Похоже, однако, что эта ясность мысли, которой терзался Пруст перед любимым существом, изменила ему тогда, когда, проникаясь столь же великой тоской, он подумал, что схватил своей мыслью, поймал-таки мимолетные “впечатления”: не признался ли он в том, что поймал саму неуловимость?
“Сколько раз за мою жизнь, — пишет он, — реальность заставляла меня испытать разочарование, ибо в то самое мгновение, когда я ее постигал, мое воображение, единственный орган для наслаждения красотою, не могло себя с нею сообразовать в силу того непреложного закона, который гласит, что воображению доступно только то, что отсутствует. И вдруг действие этого закона было сведено на нет, приостановлено — словно по мановению волшебного жезла природы ощущение — постукивания вилки или молотка, даже неровности мостовой — начинало играть в прошлом, что позволяло воображению его вкушать, и в настоящем, где действительное колебание моих чувств каким-то шумом, это соприкосновение добавляло грезам воображения то, чего им обычно и недостает, идею существования — и благодаря этой уловке позволило моему существу заполучить, выделить, задержать — на один только миг — то, что ему никогда недоступно: немного времени в чистом состоянии” (“Обретенное время”, 872).
Думаю, что жадность к наслаждению, в которой признавался Пруст, была связана с тем, что наслаждаться он мог только такой вещью, которой мог безраздельно обладать. Но ведь эти мгновения сильного сообщения с тем, что нас окружает — аллея акаций или залитая солнцем комната, — неуловимы. Мы наслаждаемся ими ровно настолько, насколько сообщаемся, насколько теряем себя, утратив всякое внимание. Стоит прекратить себя терять, стоит сосредоточить внимание, и мы сразу перестаем себя сообщать. Мы тщимся понять, пленить удовольствие: а оно от нас ускользает.

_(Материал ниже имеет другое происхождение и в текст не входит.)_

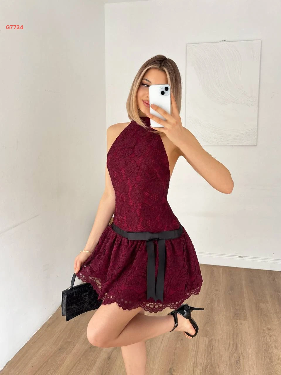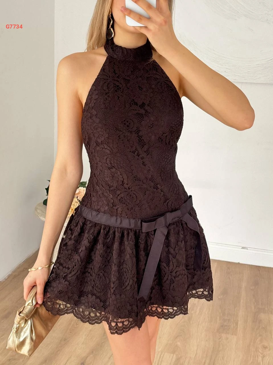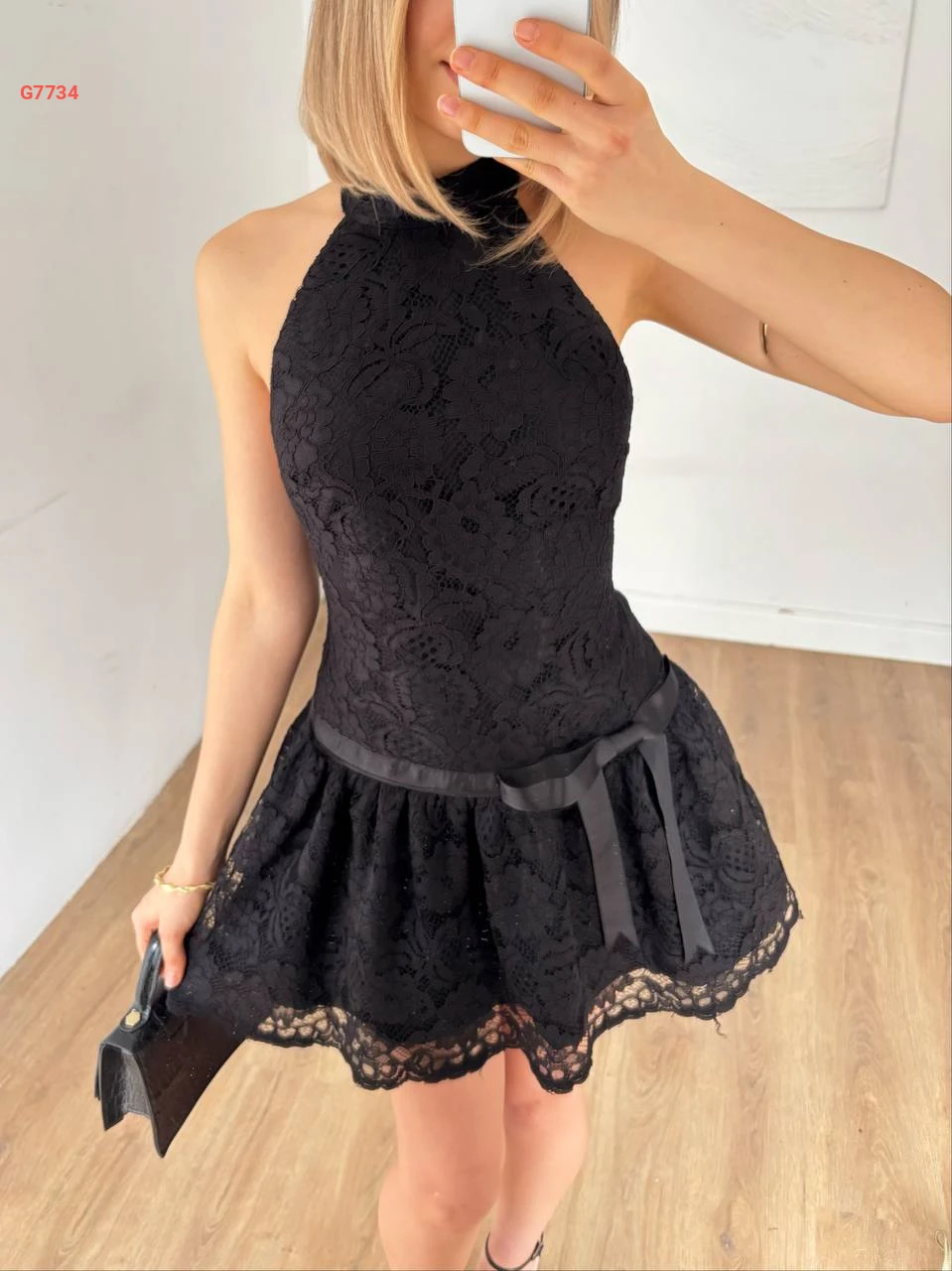 فستان قصير دانتيل كلوش بظهر مكشوف

Трудность (о которой я пытался сказать во введении) заключается главным образом в том, что, когда пытаешься что-то схватить, в руках остается лишь голый объект, утративший сопровождавшее его впечатление. Бурное высвобождение жизни, идущее, как в любви, в сторону объекта, теряющееся в нем, проходит мимо нас, поскольку, желая его постичь, мы, естественно, направляем свое внимание на объект, а не на себя. Будучи, как правило, рассудочным, это начинание только и знает, что плести словеса, а рассуждение, слова, посредством которых мы без труда достигаем объекта, плохо доходят до наших внутренних состояний, остающихся для нас до странности непостижимыми. Мы сознаем эти состояния, но как-то мимоходом, а когда хотим на них остановиться, включить в поле внимания, нами движет уже желание познать, тогда как сознаем мы их ровно настолько, насколько нас отпускает рассудочная мания все знать! Как ни стараешься, сделать ничего нельзя — желая направить внимание вовнутрь, мы все равно обращаем его на объект. Выбраться можно через те объекты, которые сами по себе едва уловимы (тишина, дыхание). Память — в особенности непроизвольная, пробужденная не нарочно, — переводя внимание Пруста на внутренний мир, играла ту же роль, которую играет дыхание в напряженном внимании, обращенном индийским монахом на самого себя.
Когда впечатление не связано с настоящим, само собою возникает в памяти — или, если угодно, в воображении, — в нем воплощается то же самое сообщение, та же самая утрата себя, то же самое внутреннее состояние, что и в первый раз, но мы можем задержать мгновение, поскольку в памяти оно уже стало “объектом”. Мы можем его узнать — по крайней мере, признать, — стало быть, можем им обладать, ничуть его не искажая.